Roast Broccoli

I happen to love broccoli.

My whole family do.  In fact, when my nephew and eldest niece were a lot younger, at family dinners, the broccoli had to be be served as a second course, after the meat and potatoes part as otherwise they would gorge themselves on the broccoli and eat nothing else.

And that was just plain boiled broccoli.

Then they got to about 5 years old and all things vegetable became evil.

But I wonder if they had tasted  this broccoli might their obsession with “little green trees”  have continued.

I could go into details about their distaste for vegetables, but one involves the time that my nephew decided to eat the six pieces of carrot his mom insisted he eat at dinner all at the start to get it over with and gobbled them down only to sit in shock looking at his plate after they came straight back up.  Thankfully my sister is a good mom and had the plate whipped away and replaced with another before he was able to figure out what the heck had just happened.

And you don’t want to hear about that kind of thing, so I won’t write about them.

Or is it too late?  Did I just do it?

Oops.

But putting all that aside, this is seriously one of the best way I have ever eaten broccoli, and there is nothing that I haven’t added broccoli to.

The recipe is from Ina Garten.   Which in my opinion, is one of the ways to ensure culinary perfection.

I cut back on the amount as it was just for the two of us, but I wonder if leftovers would make a really special broccoli soup.  I have to try that someday…

The lemon adds the most amazing dimension to the crispy florets and went really well with the potato wedges and salad it was served with.

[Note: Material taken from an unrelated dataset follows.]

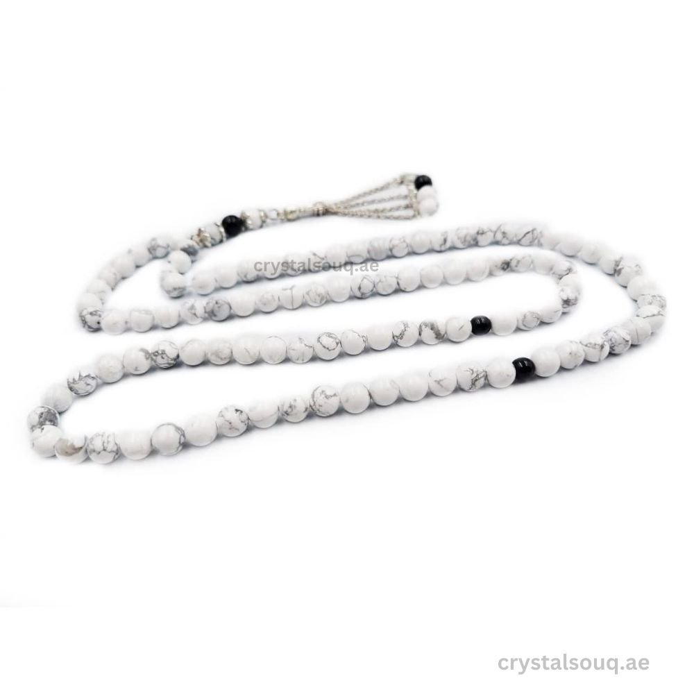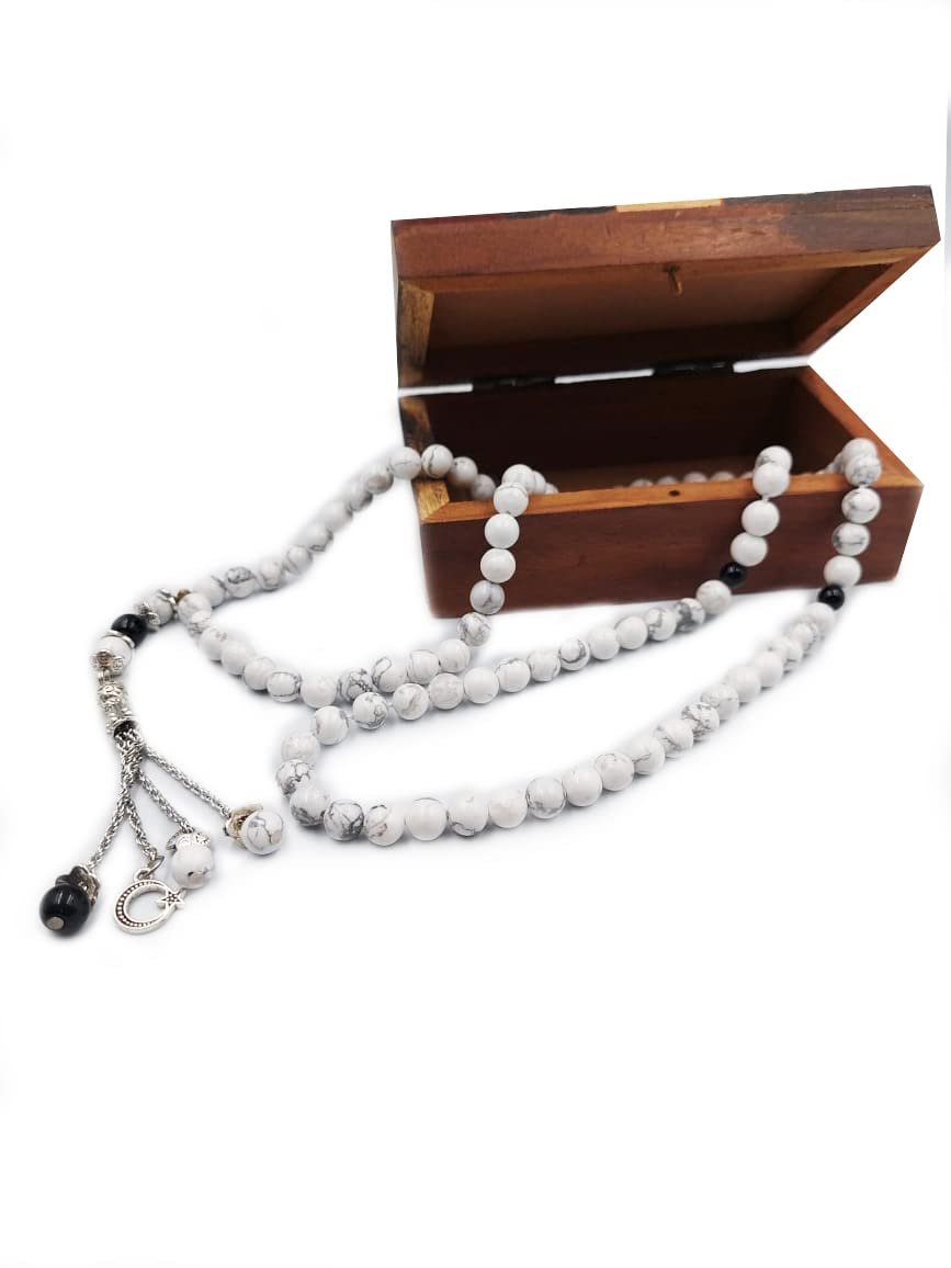 Howlite Gemstone 99 beads Islamic Prayer Beads Misbaha Stone Tasbih Tasbeeh, Stone Howlite, Bead Size 8 mm, Wooden Gift Box

I added some lemon to the potatoes to link it all together and it was just amazing.

Now, I must warn you that you really do need to watch this in the  oven. It goes from not done to burnt in almost one second.  I learnt that the hard way, which is why my picture shows broccoli that was about .35 seconds too long in the oven…

Also, it is vital that the broccoli is dry.  As in, if you wash it do that several hours in advance and make sure to get all the water off the florets.  I read somewhere that it can be left unwashed as the high heat kills anything that you would have washed away.  I leave that choice to you, but whatever you decide make sure that the broccoli is dry!

It still tasted great and is definitely something I will be making again often!

Roast Broccoli

Ina Garten’s Roast Broccoli

  • 4 to 5 pounds broccoli
  • 4 garlic cloves, peeled and thinly sliced
  • Good olive oil
  • 1 1/2 teaspoons kosher salt
  • 1/2 teaspoon freshly ground black pepper
  • 2 teaspoons grated lemon zest
  • 2 tablespoons freshly squeezed lemon juice
  • 3 tablespoons pine nuts, toasted
  • 1/3 cup freshly grated Parmesan cheese
  • 2 tablespoons julienned fresh basil leaves (about 12 leaves)

Preheat the oven to 425 degrees F.

Cut the broccoli florets from the thick stalks, leaving an inch or two of stalk attached to the florets, discarding the rest of the stalks. Cut the larger pieces through the base of the head with a small knife, pulling the florets apart. You should have about 8 cups of florets. Place the broccoli florets on a sheet pan large enough to hold them in a single layer. Toss the garlic on the broccoli and drizzle with 5 tablespoons olive oil. Sprinkle with the salt and pepper. Roast for 20 to 25 minutes, until crisp-tender and the tips of some of the florets are browned.

Remove the broccoli from the oven and immediately toss with 1 1/2 tablespoons olive oil, the lemon zest, lemon juice, pine nuts, Parmesan, and basil. Serve hot.